On
another thread, I posted
an outline of a pipelined 6502. BigEd then suggested I start a new thread on the topic. It's a little bit awkward to split off an existing discussion, so I’ve tried to provide some context below (including replicating the original post).
I'll continue to chronicle the work here. As always, thanks in advance for all comments and suggestions.
Cheers for now,
Drass
--------------- Summary of discussion to date ---------------
- Drass: Original post (replicated below)
- MichaelM discusses the importance of memory bandwidth in this context, and suggests that a dual cache design (an I-Cache and a D-Cache) may be sufficient to support the pipeline well.

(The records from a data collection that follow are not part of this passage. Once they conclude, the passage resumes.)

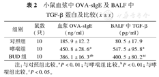 小鼠血浆中OVA-sIgE及BALF中TGF-β蛋白及比较(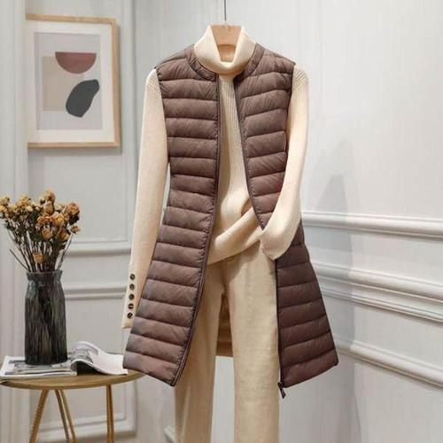[셀러허브_여성트랜드패션]Rly 2컬러 차이나넥 베이직 롱 경량조끼 겨울패딩조끼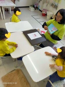 サークルタイムの中での発話が盛んになって来た手ごたえをしっかり感じられて、とっても嬉しいです。自分のことを自分の言葉で伝えられる要因ある練習は、決して簡単ではないけれど、できるようになりますよ。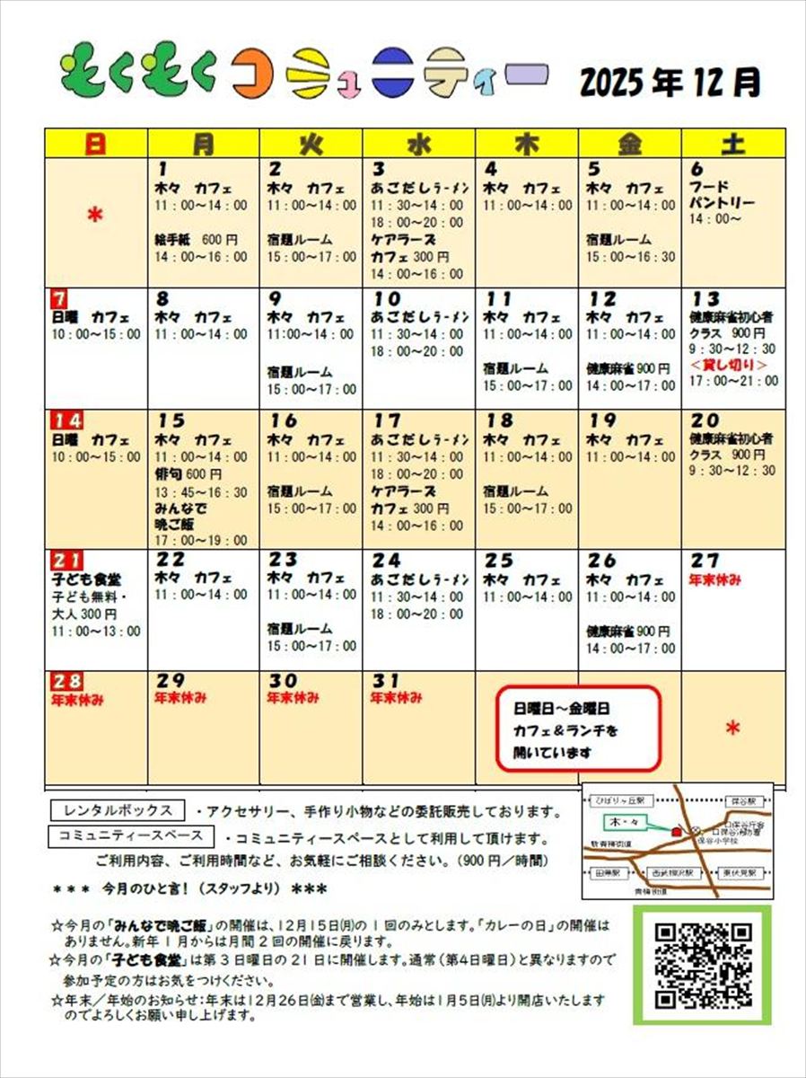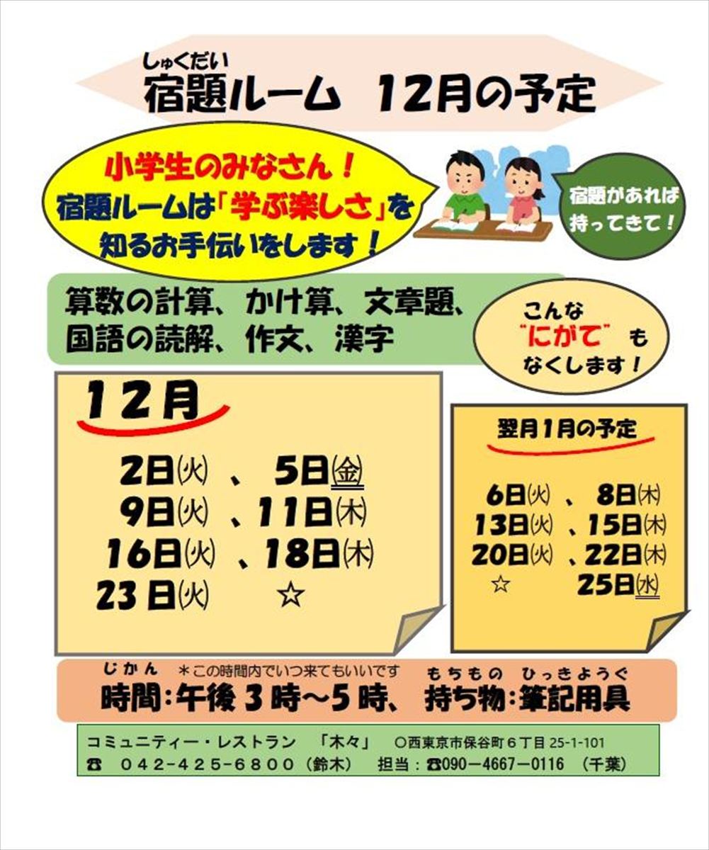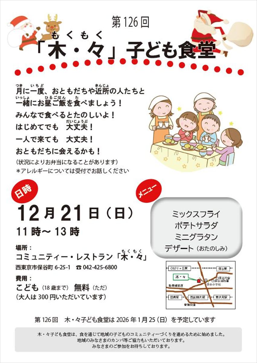 【場 所】 西東京市保谷町6-25-1 コミュニティーレストラン木・々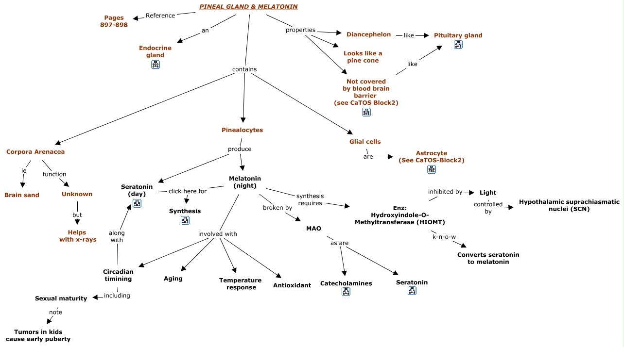 This Concept Map, created with IHMC CmapTools, has information related to: 10. Pineal Gland & Melatonin, Pinealocytes produce Melatonin (night), PINEAL GLAND & MELATONIN contains Pinealocytes, Melatonin (night) involved with Aging, Seratonin (day) click here for Synthesis, Melatonin (night) involved with Antioxidant, Melatonin (night) broken by MAO, MAO as are Catecholamines, Enz: Hydroxyindole-O- Methyltransferase (HIOMT) inhibited by Light, Pinealocytes produce Seratonin (day), Circadian timining including Sexual maturity, PINEAL GLAND & MELATONIN properties Diancephelon, PINEAL GLAND & MELATONIN properties Looks like a pine cone, PINEAL GLAND & MELATONIN an Endocrine gland, PINEAL GLAND & MELATONIN properties Not covered by blood brain barrier (see CaTOS Block2), Corpora Arenacea ie Brain sand, PINEAL GLAND & MELATONIN contains Glial cells, MAO as are Seratonin, Corpora Arenacea function Unknown, Melatonin (night) involved with Circadian timining, Melatonin (night) click here for Synthesis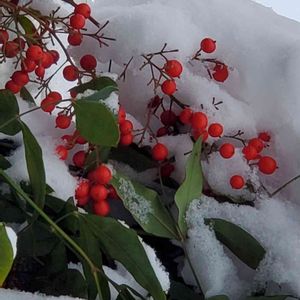 おはようございます。 今日のお花?南天です。 寝室から、大雪の中一部分をのぞかせています…🙄 もう全て雪で埋め尽くされてしまった中、健気に顔を見せてくれました。✌️💕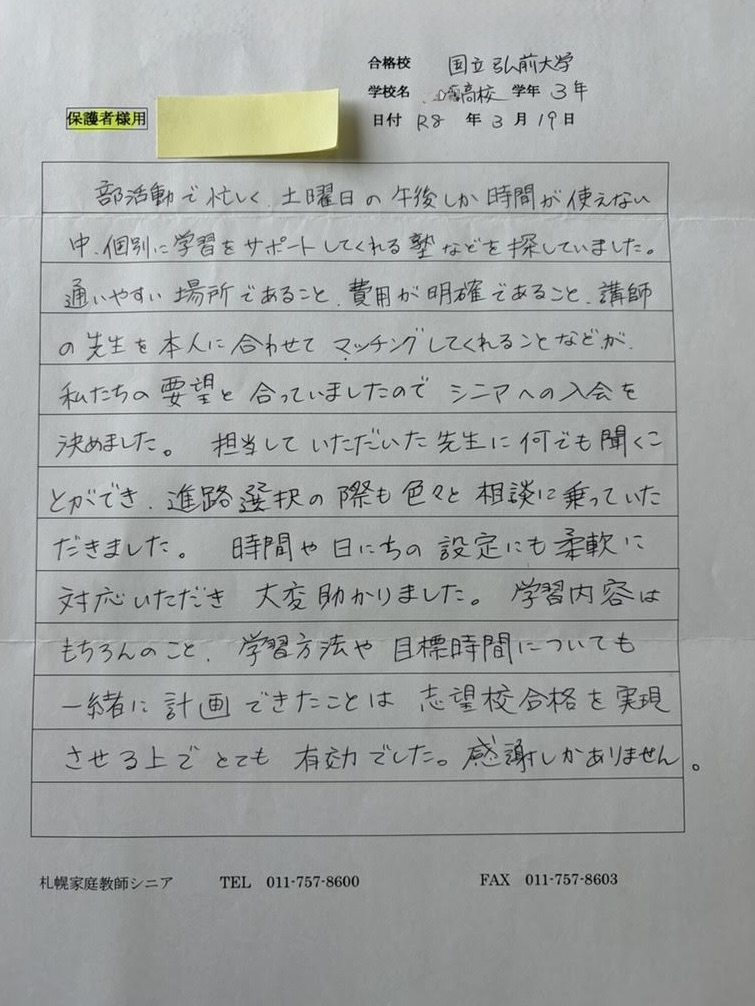 2026年度の大学入試において、札幌市内の私立高校3年生の生徒の方が、弘前大学教育学部に無事合格しました(一般選抜)。

- Chromatix draws a comparison to the 68040 pipeline
- ttlworks discusses the Intel Itanium VLIW architecture and his own TREX TTL design
- John West suggests pre-decoding instructions as they enter the I-Cache
--------------- Original Post Replicated ------------------
Having had the chance to study this thread more closely, I began to experiment with a new “reduced-CPI” 6502 design. After significant noodling, I settled on a seven-stage pipelined architecture, as follows:
[FEtch] —> [DEcode] —> [ADdress] —> [IndeX] —> [DAta] —> [EXecute] —> [WriteBack]- FE: Fetch an instruction (opcode and operands) from Program Memory
- DE: Decode opcode, marshal operands, calculate pc-relative, stack-relative and pre-index offsets
- AD: Fetch indirect address, including jump vectors, from Address Memory
- IX: Apply post-indexed address offsets
- DA: Read Data Memory
- EX: Perform ALU operation, update register file
- WB: Update P register, verify branch prediction, write to Data Memory
The basic idea is that a seven-stage pipeline can support the various 6502 addressing modes (including RMW instructions) in one pass. Because the first stage simultaneously fetches both the opcode and its inline operands, each instruction can work its way down the pipeline as an atomic unit. Instructions advance through the pipeline at a rate of one stage per cycle, making use of specific resources as they go — indirection, indexing, memory, the ALU, etc. Once the pipeline fills, the CPU is able to complete one instruction in something approaching one cycle on average (i.e. CPI = 1.x). (Various
pipeline hazards make the ideal
one-instruction-per-cycle pipeline somewhat of a chimera, but we can try to get close).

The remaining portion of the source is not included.